The trouble is that one word, "tests," is doing three jobs, and the method only holds if you keep them apart.

JobWhat it actually isThe rule
Define "done"Acceptance / behavioral checks: the expectations and failure conditions in executable form. Human-owned, hidden from the builder.Non-negotiable
Pin the implementationUnit tests asserting a function's internal shape. A spec by another door.Optional, and harmful if written before the code is found
Guard at runtimeValidation, types, rate limits, assertions, circuit breakers, flags, canary-with-rollback.Matters more as agents write more

That table settles the Spec Kit contradiction I flagged earlier. "Tests are non-negotiable" and "tests are optional" are both right, about different rows. The guardrail row is the one that grows in an agent world: when the diff runs to ten thousand lines that look right and nobody can honestly read all of it, you stop trusting that someone read the code and start trusting that the code cannot cross a line even when it is wrong. That is Nyra's worry answered with machinery instead of willpower.

Two things follow, and both make the engineering harder, not softer. The first is that tests the builder writes for itself are scaffolding, not proof. A model left to check its own work writes the checks that pass. It mocks away the thing under test. It asserts that true is true. The tests that actually validate have to live somewhere the builder cannot see or reach. That tilts the whole pyramid. Integration, contract, and end-to-end tests carry more weight than unit tests now, because they face the outcome and cross boundaries the builder never sees all at once, which is exactly what makes them hard to fake.

The second is that guardrails are never finished, and I will not pretend otherwise. You cannot foresee every way a system breaks, so you cannot write every guardrail up front any more than you can write the spec up front. You write the ones you can see coming, and the incident hands you the next one. It is the same loop as monitoring is not understanding: the guardrail you are missing is usually sitting in the postmortem of the thing that already broke once.
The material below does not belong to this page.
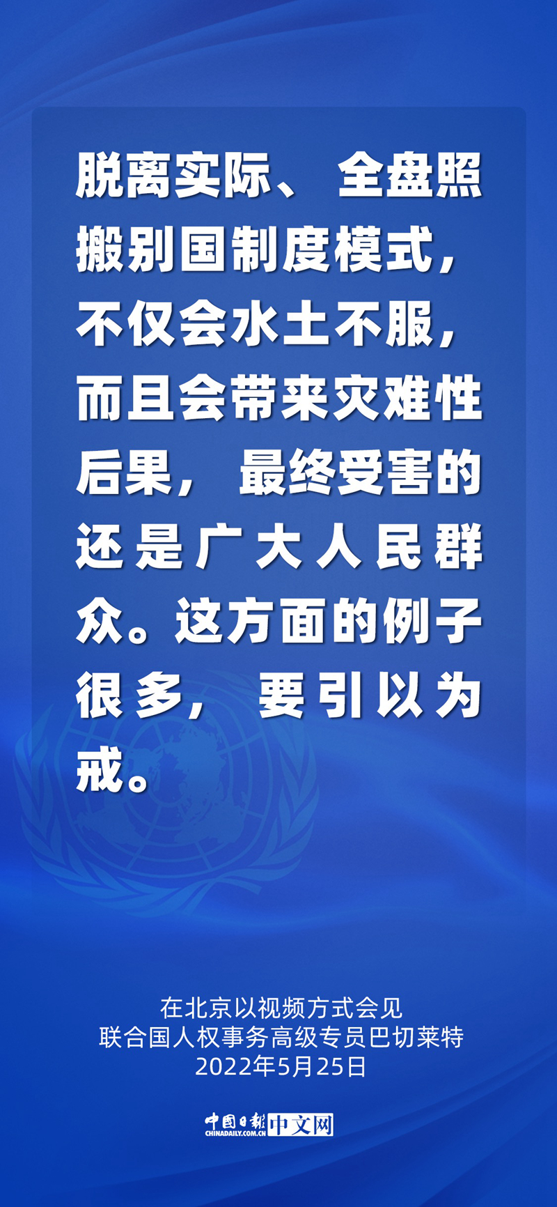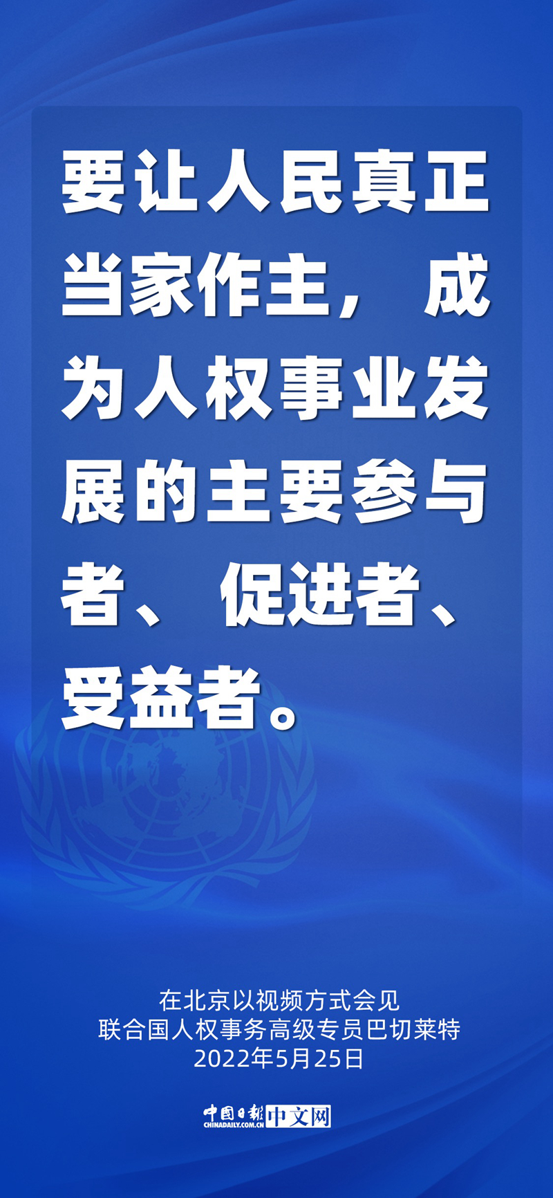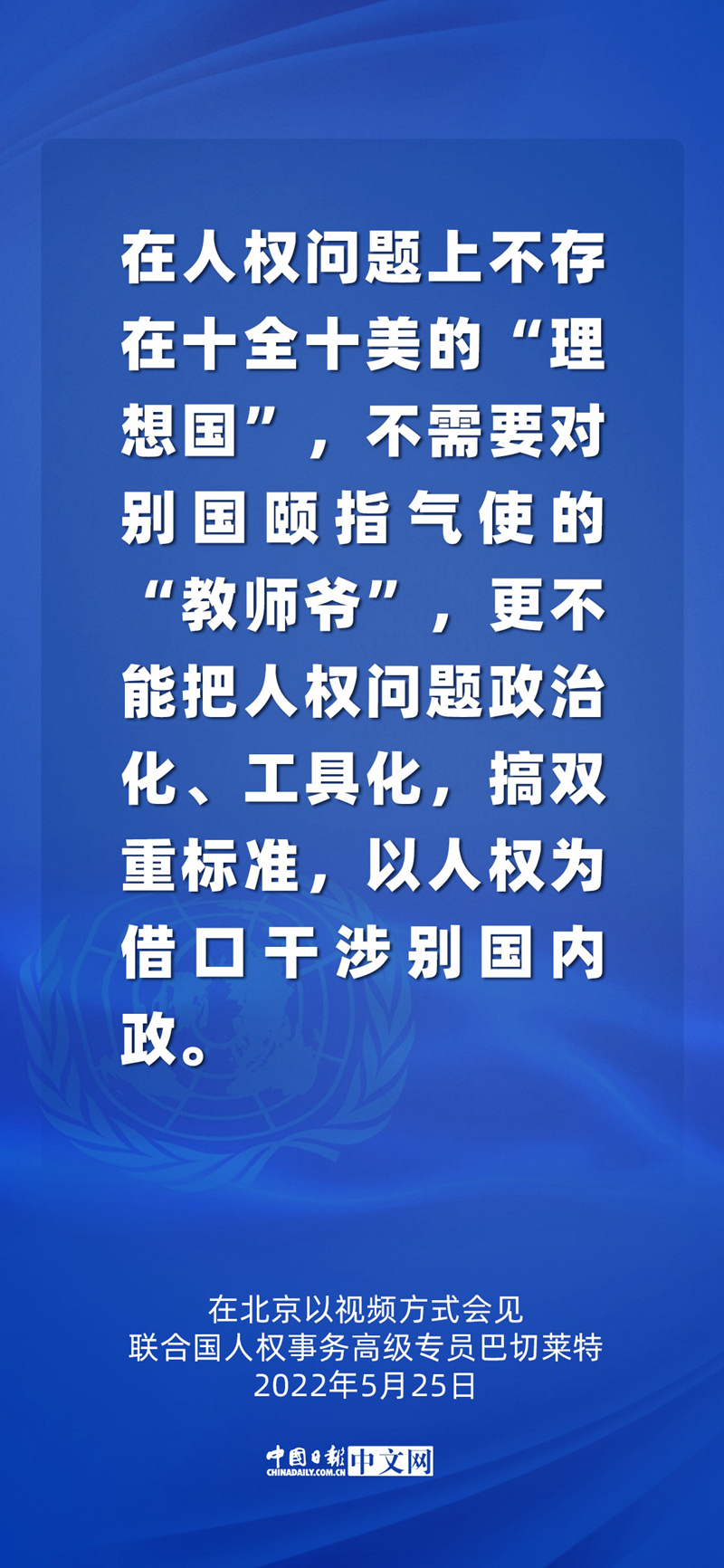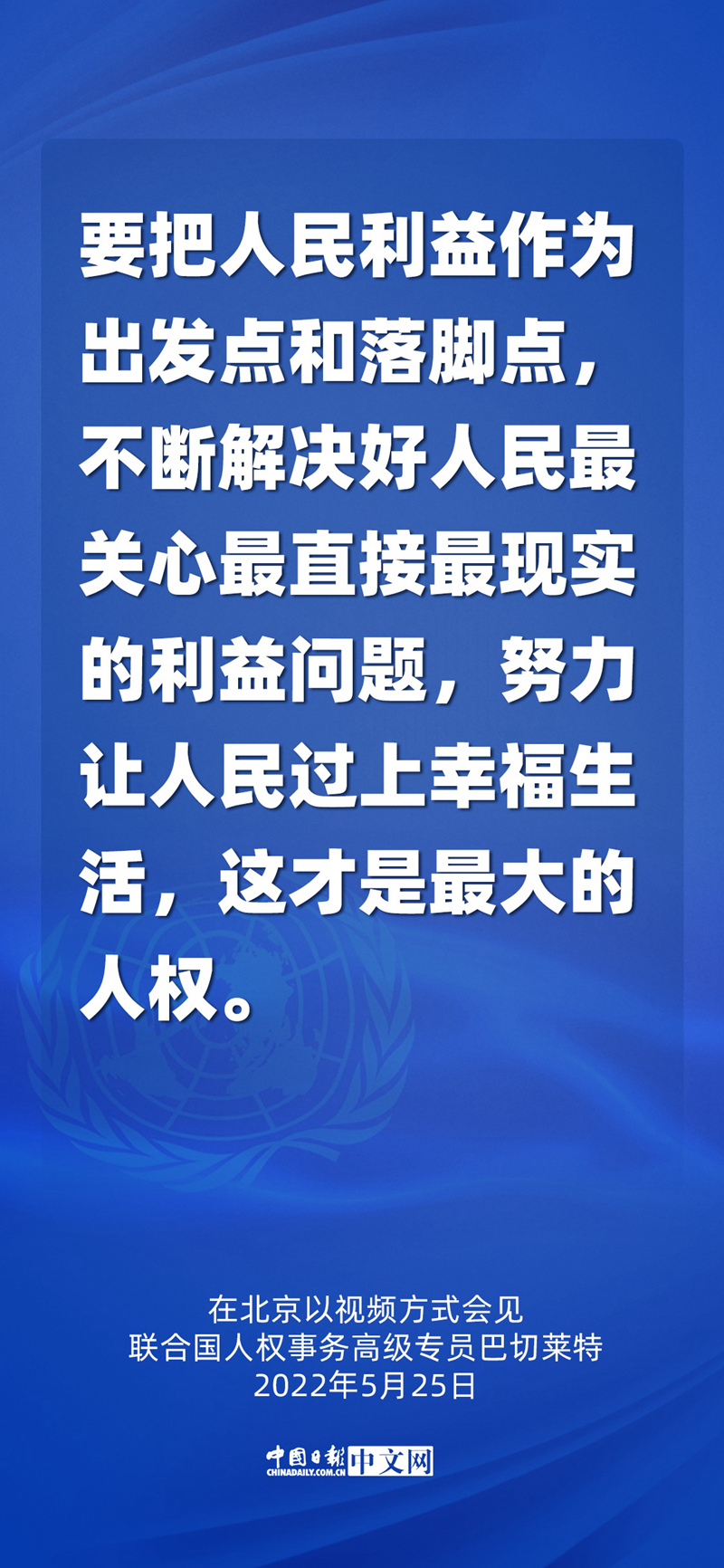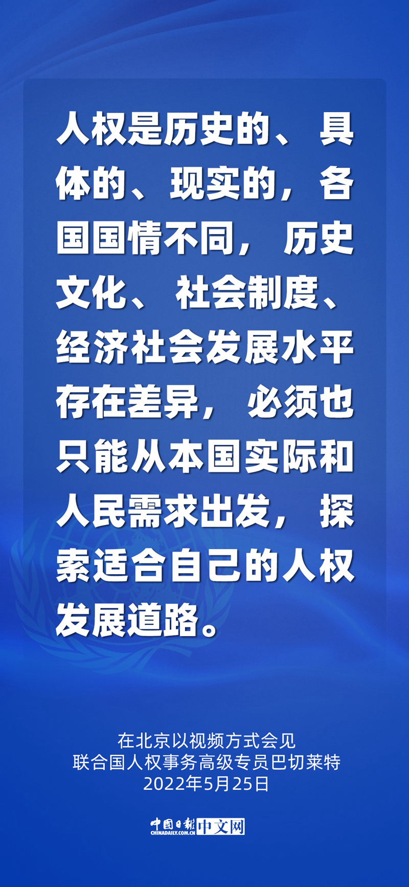 5月25日,国家主席习近平在北京以视频方式会见联合国人权事务高级专员巴切莱特。这是中国时隔17年再次接待人权高专访华。

So proper engineering does not walk out when the agent starts writing the code. It moves. The work stops being the typing and turns into the deciding: which invariants have to hold always, and what machinery proves they hold on every run. The agent can write the implementation. It cannot decide for you what must always be true, and that decision is the job now. It is a harder one than the typing ever was.


A reading of two essays by Kapil Viren Ahuja: "The Method That Replaces Spec-Driven Development (IDSD)" and "The Anatomy of Intent (ICE in IDSD)." The ICE framing, the IDSD name, the Symphony and Spec Kit observations, and the red-shoe and microservice examples are his.